Lantas siapa itu Fatahillah? Ia berasal dari Pasai dan melarikan diri saat kota itu direbut Portugis. Fatahillah pun mengembara ke Demak. Dari Demak ia tiba di Jawa Barat dan bertemu de Sa di Sunda Kalapa. Bertempur, menang, dan tinggal sebentar di Jayakarta untuk kemudian pergi ke Cirebon dan menetap di sana. Kekuasaan diserahkan kepada Tubagus Angke. Siapa dia, sejarah tak terlalu banyak menyebut siapa Tubagus Angke ini. Dalam penelitian Dinas Museum dan Sejarah tahun 1994 disebutkan, Tubagus Angke masih kemenakan Maulana Bagdad atau Maulana Abdurahman (dalam Babad Banten).
Tubagus Angke dikatakan memiliki putra yang kemudian melanjutkan kekuasaan di Jayakarta. Nama sang putra adalah Pangeran Jakarta Wijayakrama. Pangeran Wijayakrama inilah yang kemudian takluk pada pasukan VOC di bawah JP Coen. Coen kemudian membakar kota Jayakarta dan membangun Batavia di atas reruntuhannya.
Pangeran Jakarta Wijayakrama diperkirakan mulai memerintah pada 1596 karena dalam salah satu sumber Belanda disebutkan, raja Jayakarta di kala itu sudah tua – maksudnya Tubagus Angke. Di seputaran waktu itu diperkirakan kekuasaan sudah diserahkan kepada Pangeran Jakarta.

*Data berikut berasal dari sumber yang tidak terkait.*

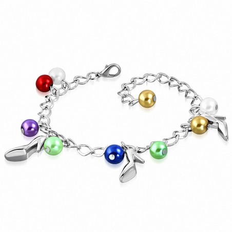 • Alliage de mode coloré perle de verre perle dame chaussures chaine maillon de charm bracelet
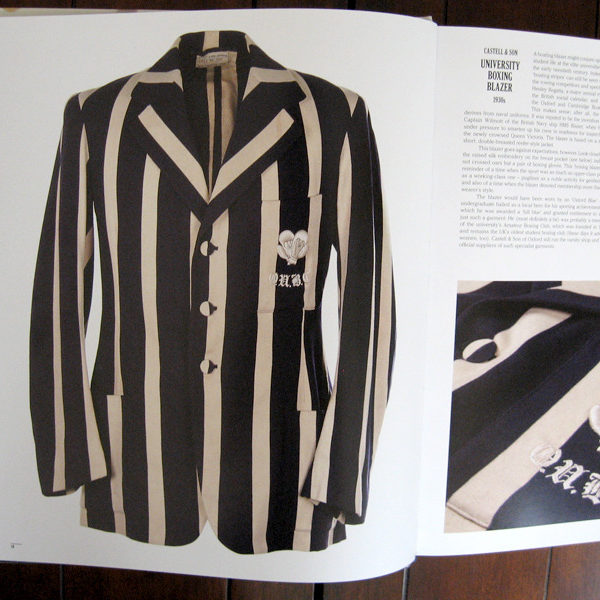 The book’s 304-pages are divided into three sections: Sports & Leisure, Military, and Workwear. Each section shows fifty or so odd garments, almost all from the early- to mid-20th century. Some are particularly interesting. Take, for example, what seems to be a boldly striped boating blazer in the Sports & Leisure section. On closer inspection, instead of two crossed oars embroidered at the chest pocket (as is common on boating blazers), we see a pair of boxing gloves. It turns out this is a “university boxing blazer,” and was worn at a time when boxing was considered as much of an upper-class sport as a working-class one. “Pugilism as a noble activity for gentlemen,” the book’s author writes. An undergraduate student recognized as a local hero for his sporting accomplishments would be allowed to wear this lively blazer around campus. Much more impressive than the campus-store bought sweatshirts and sweatpants that college athletes (some Olympians) wear today.
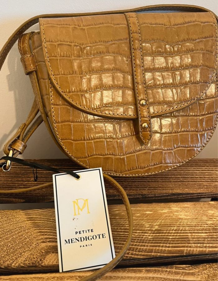 Sac bandoulière Petite Mendigote Callisto neuf avec étiquette | Taille unique | Camel “épice” effet croco - photo numéro 1
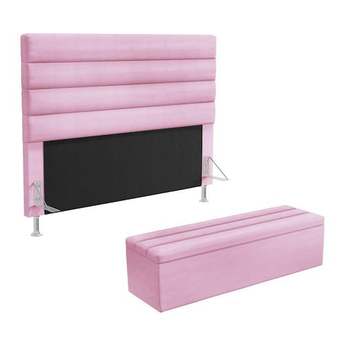 Cabeceira Atlas e Calçadeira Ursa 140 Sued Aradecor - Rosa Claro
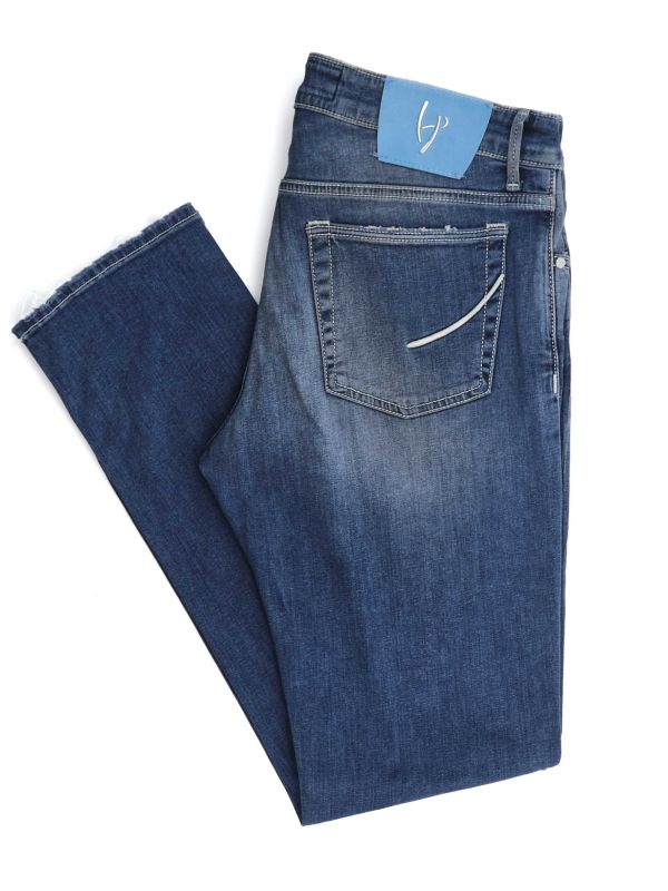 The HandPicked Ravello jeans are a versatile everyday essential, expertly crafted in Italy from a soft cotton stretch blend for comfort and flexibility. Made in washed denim, they offer a relaxed, lived-in look that pairs effortlessly with both casual and smart-casual outfits. Featuring a classic five-pocket design, branded metal hardware, and a signature waistband tab, these regular-fit jeans provide timeless style with a modern, laid-back edge.
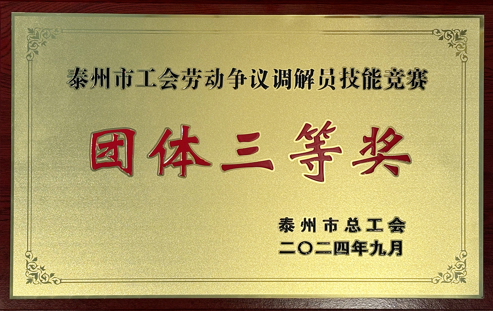泰州市工會(huì)勞動(dòng)爭(zhēng)議調(diào)解員技能競(jìng)賽于9月19日在泰州舉辦。我司江蘇揚(yáng)子凈化工程有限公司調(diào)解委員會(huì)調(diào)解員積極參賽、備賽,所在的泰興代表隊(duì)表現(xiàn)出色,榮獲“團(tuán)體三等獎(jiǎng)”。
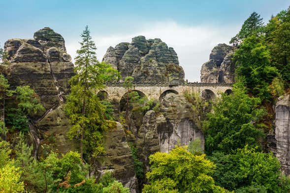 Con esta excursión conoceremos Rathen, un municipio situado junto al Parque Nacional de la Suiza Sajona. Al llegar, realizaremos una caminata de 1 kilómetro hasta llegar al Bastei. Este mirador conocido por sus impactantes rocas de arenisca os brindará una panorámica extraordinaria del río Elba. Además, junto a él se levanta un puente de siete arcos desde donde veréis el barranco de Mardertelle y sus 40 metros de profundidad.
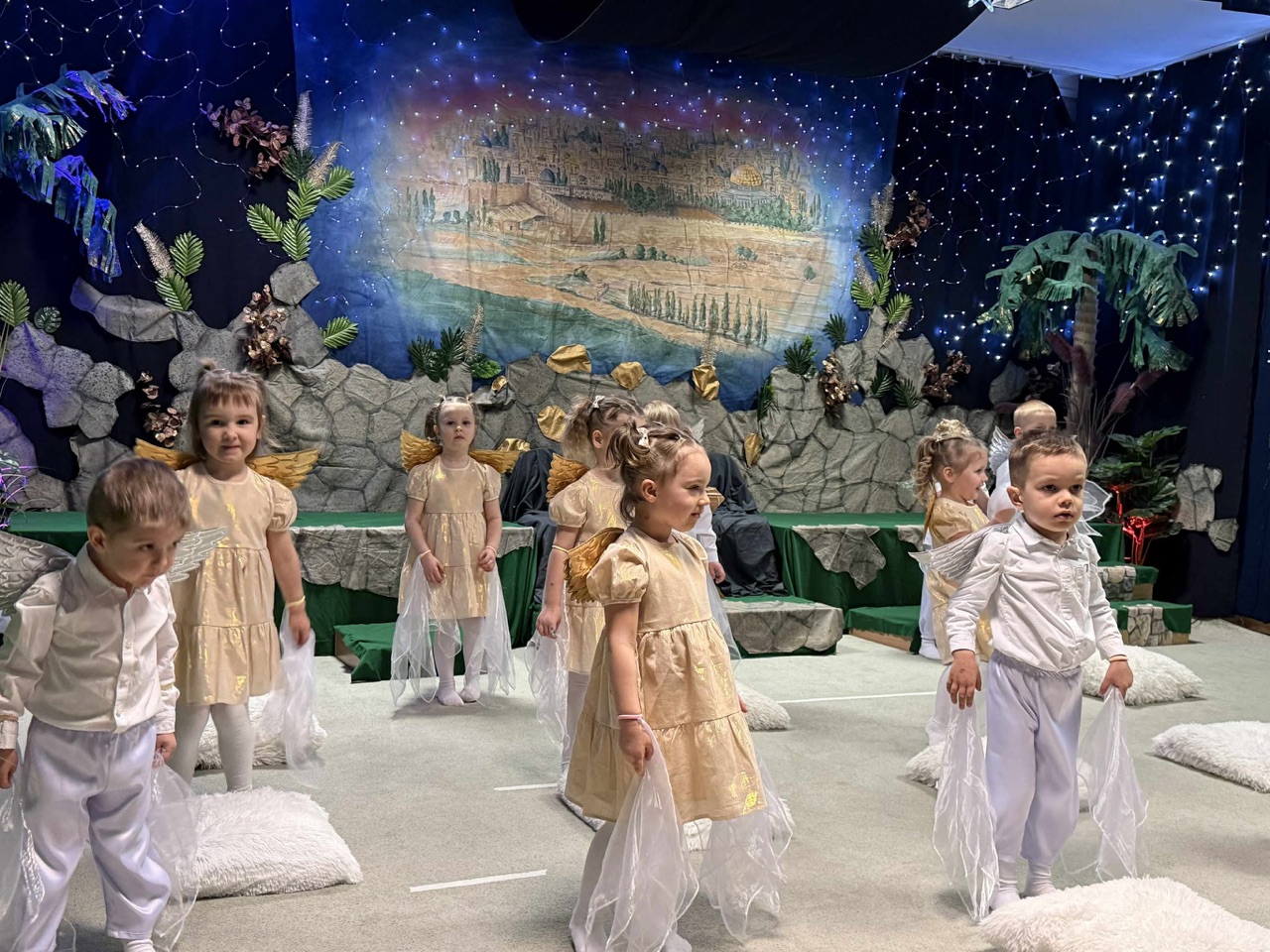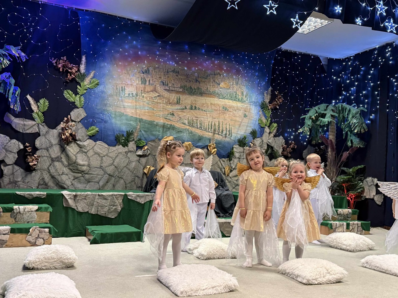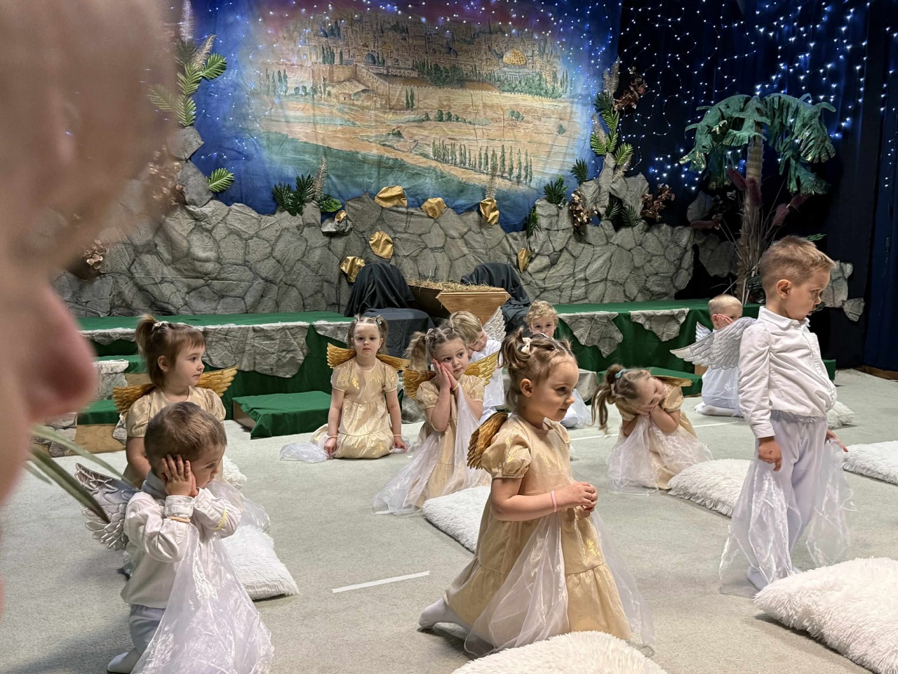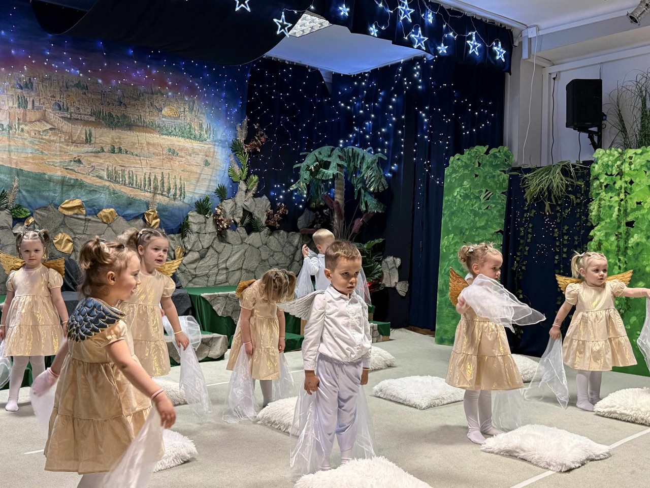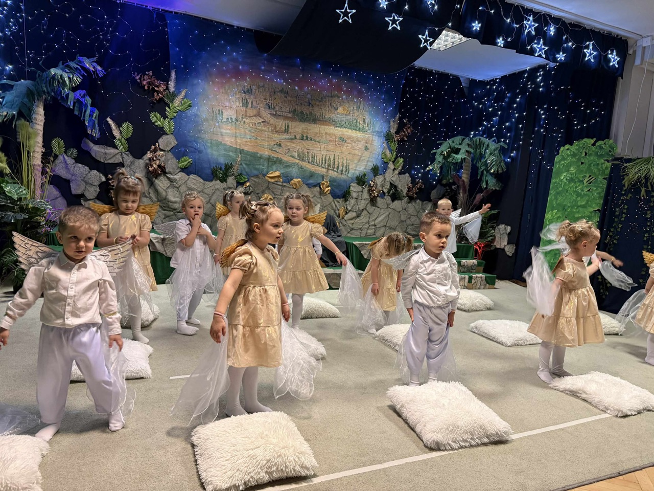 W czas Bożego Narodzenia, najmłodsza grupa Krasnali z naszego przedszkola przygotowała wyjątkowe jasełkowe przedstawienie pod tytułem „W Aniołkowie”. Trzyletnie maluszki z ogromnym zaangażowaniem i dziecięcą szczerością opowiedziały historię narodzin Pana Jezusa, wprowadzając wszystkich zgromadzonych w świąteczny nastrój pełen radości i ciepła.
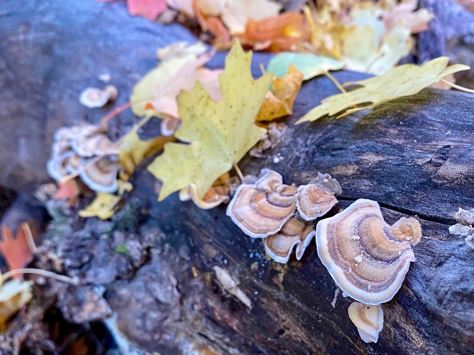 Several logs were covered in Turkey Tail Mushrooms (or turkeytail lookalikes - I didn't look too closely at their undersides).
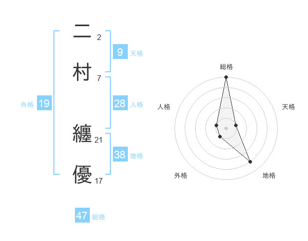 二村 纏優さんの地格は38画の4点!
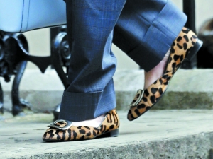 她入主唐宁街10号那天,足蹬一双Roger Vivier豹纹经典平底鞋,狂野性感的豹纹与中规中矩的灰色套装形成强烈对比。
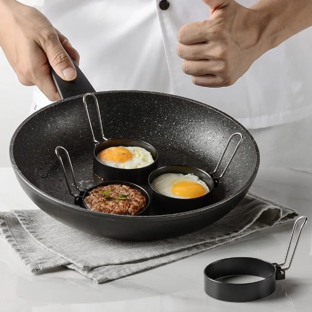 1. Он изготовлен из черной нержавеющей стали и может быть прочно помещен на сковороду или гриль с идеальным круглым яйцом. Вы будете горды, поставив их на гамбургеры. Профессиональные повара используют наши формы из нержавеющей стали для яичных колец, потому что они прочнее, чем силиконовые формы.
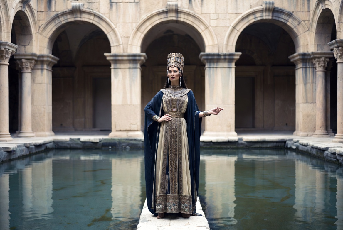 Cleopatra, Middle Eastern, ancient Egypt, ancient architecture, arches, blue dress, columns, cultural attire, elaborate dress, embroidered gown, gold gown, historical costume, isolated background, ornate jewelry, pharaoh, reflecting pool, regal pose, stone courtyard, stone platform, tall headdress, woman, Egyptian queen
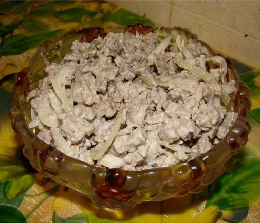 Предлагаю вместе со мной сегодня приготовить этот салат. 1. Легкое говяжье или свиное - 1 кг 2. Лук репчатый - 2 больших головки 3. Кубики грибного бульона - 3 шт 4. Майонез - 200 г 5. Масло растительное - 30 г Шаг 1. Отвариваем лёгкое 3 часа (не солим). Разбираем его от хрящей и нарезаем не крупным кубиком. Шаг 2. Репчатый лук нарезаем кубиком и пассируем его на растительном масле (именно пассируем, а не жарим) до прозрачности. Шаг 3. Добавляем растертые в порошок кубики, перемешиваем и даем соединиться с горячим маслом и луком буквально 1 минуту. Шаг 4. Еще горячее содержимое сковороды выкладываем в легкое. Все хорошо перемешиваем, чтобы кусочки лёгкого пропиталась ароматным маслом с луком. Шаг 5. Даем полностью остыть и заправляем майонезом. Сверху можно украсить свежим, нарезанным укропом. Получился очень сытный, вкусный и необычный салат, который понравится всем! Приятного аппетита!
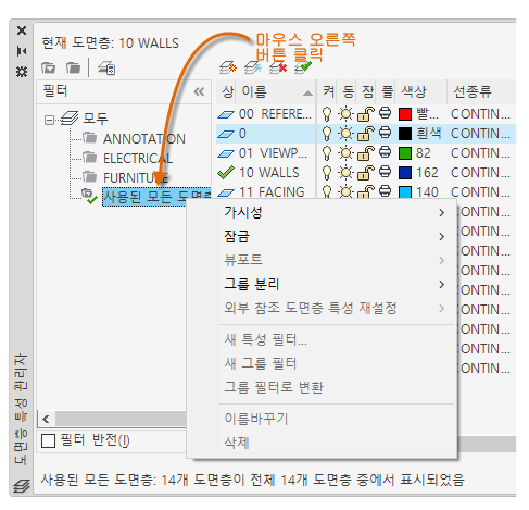 선택한 도면층 필터를 제거합니다. 모든 도면층, 사용된 모든 도면층 또는 외부 참조 도면층 필터는 삭제할 수 없습니다.
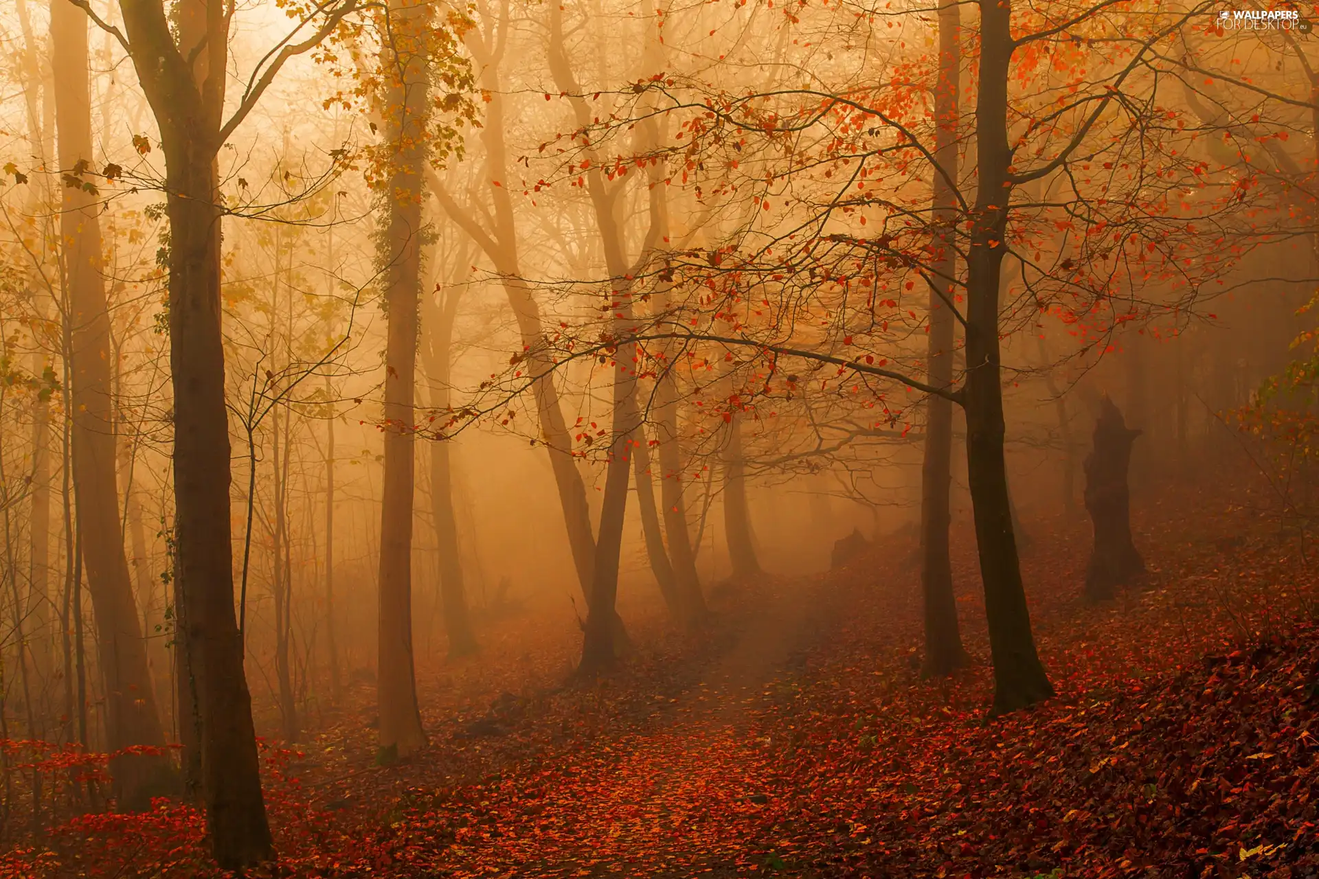 Fog, forest, Path
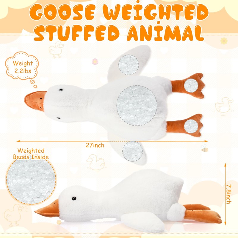 - Cute and Attractive Design: adorable and attractive designed weighted goose stuffed animal toy; Its vivid appearance sparks children's imagination, making it an ideal companion for playtime; Ideal for hugging, squeezing, and cuddling during nap times, this weighted stuffed animal offers a sense of comfort and safety that aid in relaxation
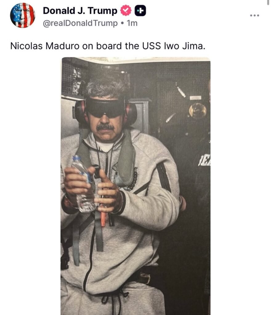 Trump publicó incluso una imagen del líder venezolano bajo custodia en su plataforma social, destacando que Maduro y Flores ya están bajo control estadounidense.
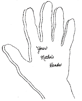 The poem with outline of Kathleen's hands was written for her 5 children, 12 grandchildren and 1 great-grandchild. The sketch can be enlarged to life size, regardless of the size of the palm that will fit into it. She shares this idea so you, too, may be inspired to leave an outline of your hands as part of your soul's signature--your legacy of love. |
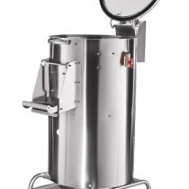 Аппарат отличается высокой прочностью. Корпус произведен из прочной полированной нержавеющей стали с классом влагозащиты IP23. Работает модель на базе мощного мотора с закрытой конструкцией. На корпусе установлена прозрачная стеклянная крышка. Для запуска картофелечистки достаточно повернуть регулятор таймера.
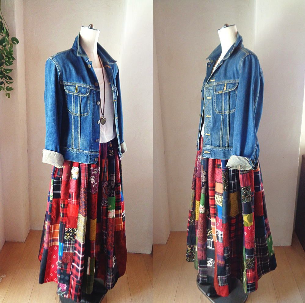 宝物のような絵画なパッチワークスカートです。
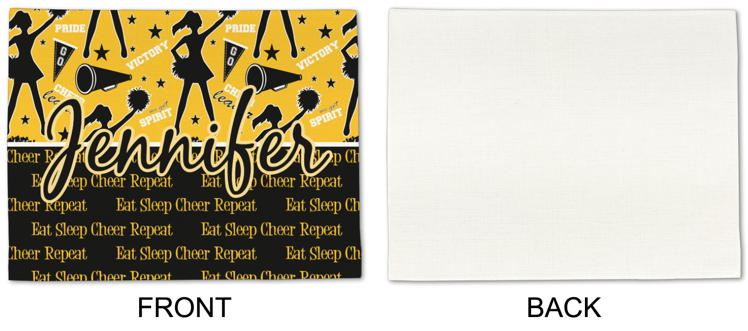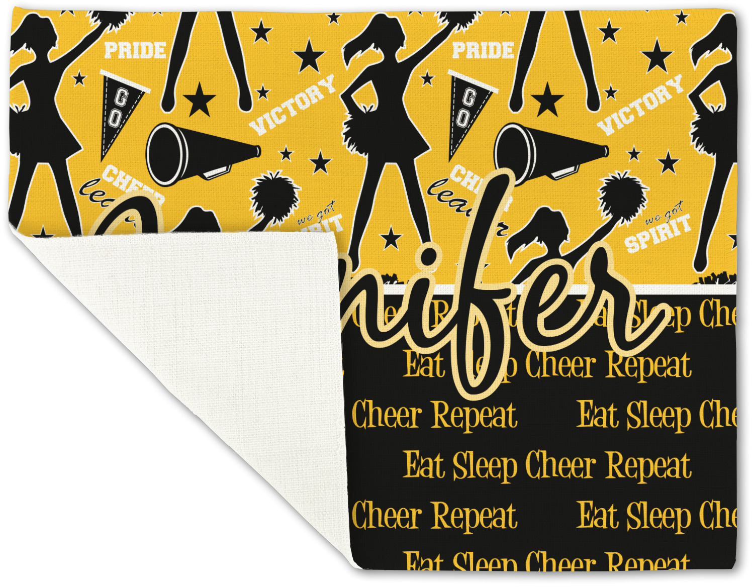 This design is a fun combo with a bright yellow and black. The two colors are a great contrast to one another. The top half of the design has a cheerleader sillhouette as well as words like "cheerleader" and "victory." The bottom half has a background that says eat, sleep, cheer, repeat. Your personalization goes right in between these two backgrounds right in the middle.
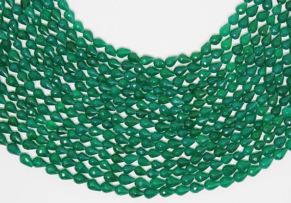 At a Great Pricegreen onyx center drill tear drop faceted 13'strand gemstone beads, jewelry supplies for jewelry making, bulk beads, for meditation jewellery for Reiki Healing gemstone 5-7mm
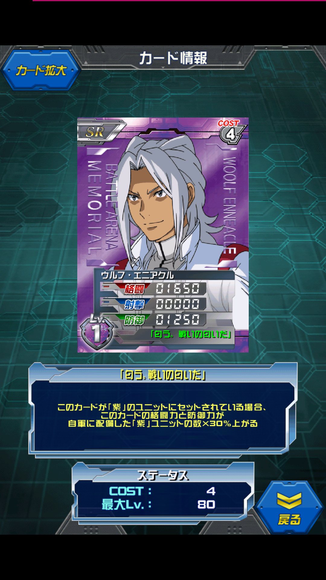 ウルフ・エニアクル 第2回バトルアリーナ 350P交換景品 白いMSが大好きな隊長です MAX値は3000/0/2250 自軍の紫×30%格闘と防御が上昇するので 最大90%上昇となり5700/0/4275 コスト4としては破格の性能...と言いたいところですが 紫には虹サイン刹那がいるので多少被ってるんですよね… 00縛りではなく紫縛りのため多少緩いのですが現時点は紫=00なので そこまで気にならなかったり 彼が射撃タイプだったなら紫でかなり使えるカードになったのですが、惜しい 今後彼の専用機が増える可能性も低いので...AGEイベントが出ることに期待 フリット編、アセム編と2編に渡り登場したウルフさん 白に拘りがあるらしく機体は白で統一されている その意思をアセムも受け継いだのか白いAGE-2に乗る ...はずだったのだがキオ編では黒に塗りつぶされていたり… [0回]PR

Pada 1610 Wijayakrama membuat perjanjian dengan Pieter Both, gubernur jenderal, yang isinya antara lain, orang Belanda yang datang ke Jayakarta boleh berdagang; orang Belanda boleh membangun loji untuk tempat dagangan mereka; orang Belanda boleh mengambil kayu dari pulau-pulau untuk membuat kapal; cukai barang diserahkan ke Raja Jakarta.
Namun lama kelamaan hubungan itu makin tak harmonis hingga tiba JP Coen di Jayakarta. Perselisihan itu berbuntut perang pada 1618 dan akhirnya pada 1619 Jayakarta berhasil direbut Coen.
Kisah tersebut di atas agak sulit didapat, kalaupun ada, informasinya berbeda dengan bahasa yang tak teratur, pula. Demikian pula informasi tentang bagaimana wajah Fatahillah, misalnya.
Terlebih lagi di Museum Sejarah Jakarta (MSJ), yang memamerkan sejarah Jakarta sejak masa pra sejarah hingga masa kolonial, ternyata tak ditemukan periode Jayakarta semasa Fatahillah. Periode itu sepertinya hilang sehingga cerita melompat dari zaman pra sejarah, Hindu, langsung Batavia di bawah JP Coen (kolonial). Tak lengkap bicara sejarah Jakarta tanpa menyebut Fatahillah. Periode sekitar satu abad hilang. Padahal inti sejarah Jakarta adalah dimulainya Jayakarta sebagai embrio Jakarta.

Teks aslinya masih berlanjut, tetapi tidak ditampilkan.